Skoltech showcased its pioneering research at the Future Technologies Forum
On February 13-14, Skoltech joined the Future Technologies Forum in Moscow, where its research teams led by world-renowned scientists presented their groundbreaking research, including the world’s first objective biochemical mental health testing method, unique prosthetics sensitization and phantom pain management techniques, and much more.
Photo. Skoltech stand at the Future Technologies Forum in Moscow. Credit: Timur Sabirov.

The Skoltech stand featured five key research projects.

The objective biochemical mental health testing method based on blood lipid biomarkers uses omics technologies for mental health assessment and helps doctors to diagnose the disease before the symptoms occur. The biochemical blood test, which is both fast and cheap, helps identify the risk of mental disorders with an accuracy of over 92%. The new method can be used for mass screening to identify the risks of mental illness and refer high-risk patients to a psychiatrist for further examination, diagnostics, and treatment.

Technologies for the osseointegration and neurocontrol of prosthetic hands and legs during amputations above the elbow enables better use of these prostheses, making control over them easier and movements more accurate. The project is carried out jointly by Skoltech, Samara State Medical University, and Motorika, with the support of the NTI Foundation and the NTI Center for Bionic Engineering in Medicine based at Samara State Medical University.

The blockchain-driven Tag Trace Systems helps keep track of individual medications. The system applies a 1x1 mm laser mark on the packaging so that the user could scan it with their smartphone camera before taking the medicine. The laser marks are applied during production and, therefore, do not affect the drug’s chemical structure. The first prototype of the system was built with the support of the Skoltech team. This innovative technology can be used to keep track of syringes with vaccines and medicines, ampoules, capsules, and pills.

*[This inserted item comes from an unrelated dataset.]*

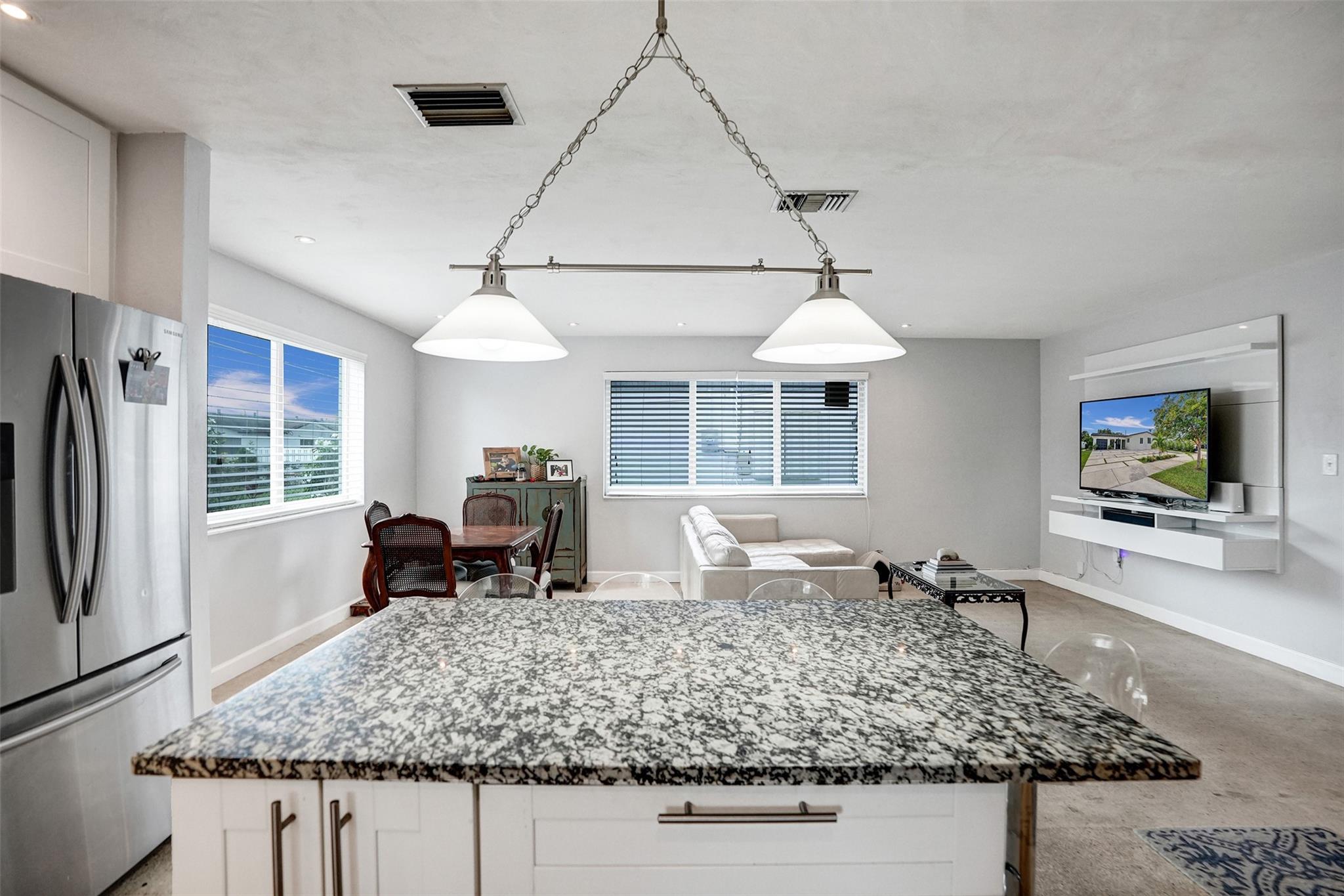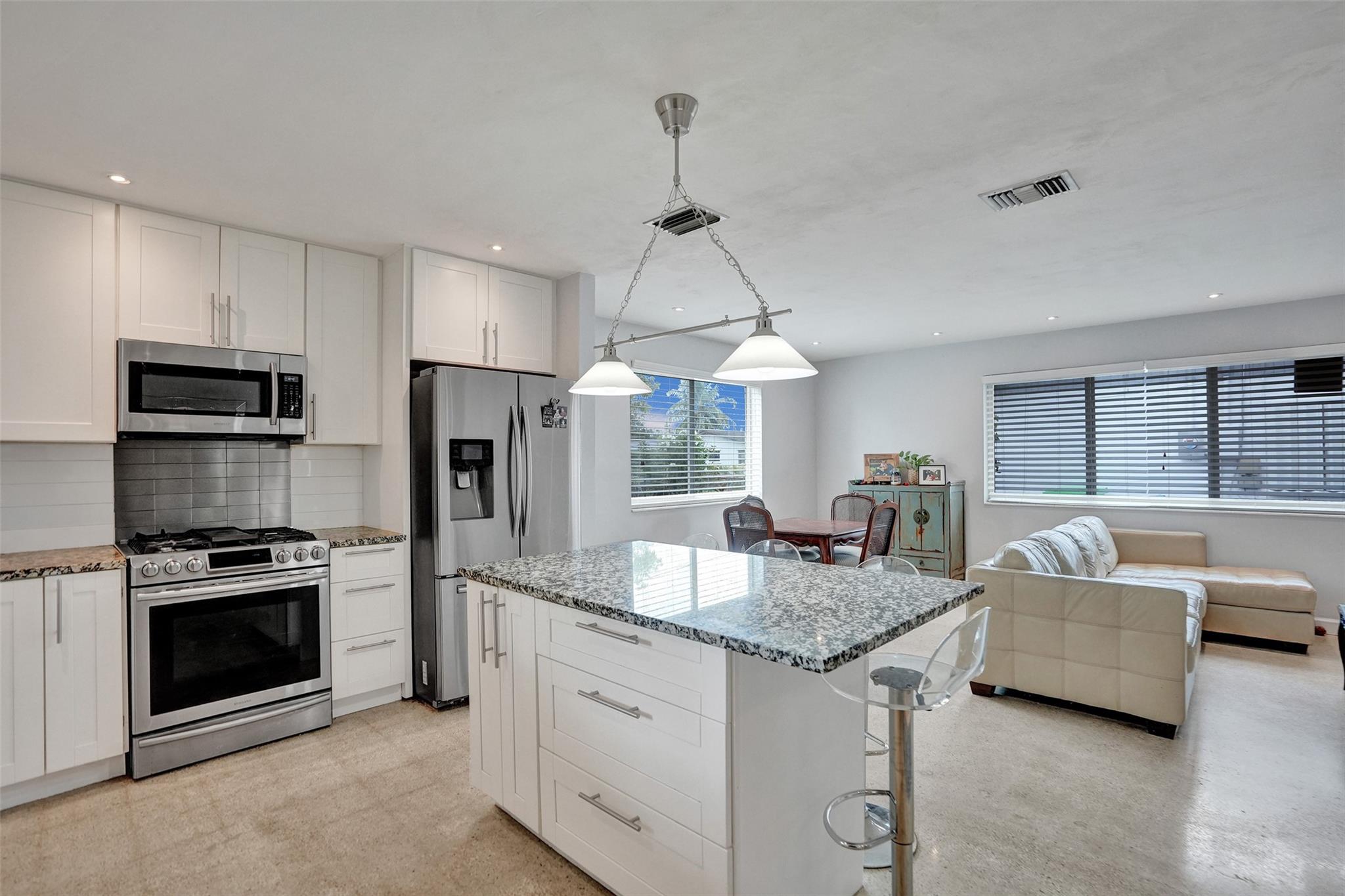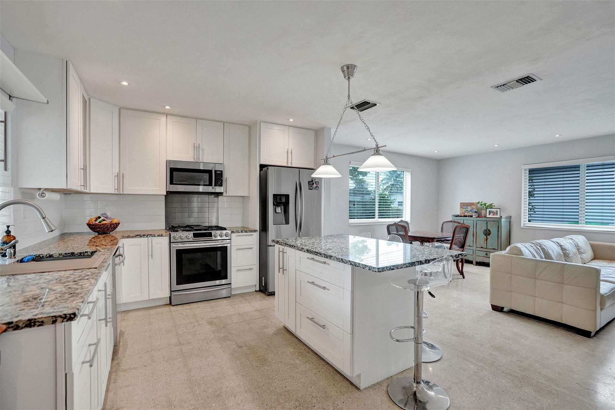 This beautifully upgraded property boasts an open layout with an updated kitchen and bathrooms featuring a stunning granite island, perfect for both everyday living and entertaining. Enjoy peace of mind with impact windows throughout the entire home installed in 2019, along with a new roof replaced in 2025, and modernized AC and plumbing systems updated in 2022. The versatile floor plan includes an efficiency or in-law quarters that can easily serve as a 3rd bedroom, private office, or potential rental space for extra income, thanks to a thoughtfully remodeled garage with a full bath. Outside, you’ll find a 10x10 shed for additional storage and an oversized driveway offering ample parking for family and guests. Don’t miss this fantastic opportunity to own a beautifully updated home.

Biocoatings for enhanced biocompatibility of implants and implantable devices are thin layers of biological materials that can be applied to implantable devices such as stents, pacemakers, and artificial joints, in order to improve biocompatibility and a device’s functionality and durability as well as prevent infection, inflammation, and implant failure.

“Eat Polymer”, a solution for plastic recycling in schools developed by a Skolkovo Gymnasium student, uses larvae of the wax moth, Gallerya mellonella, which can recycle plastic in a matter of weeks.

Skoltech researchers and experts also joined the forum’s business program to share their expertise in neuro- and biotechnologies, digitalization, and AI in medicine. The business program featured discussions with experts and scientists. Professor Olga Dontsova from the Bio Center shared her vision of how to make future technologies today’s reality. Professor Evgeny Nikolaev from the Bio Center joined the discussion “Technologies Helping in the Fight against Neurodegenerative Diseases”. Professor Dmitry Gorin from the Photonics Center talked about AI technologies in screening systems and the development of innovative molecular genetics approaches for diagnostics. Professor Alexander Korsunsky from the Engineering Center discussed the interdisciplinary nature of future technologies and ways of attracting young people to science. Professor Philipp Khaitovich from the Neuro Center shared his views on the neurotechnologies of the future. Associate Professor Dmitry Dylov from the AI Center participated in an expert discussion about AI and computer vision technologies in healthcare.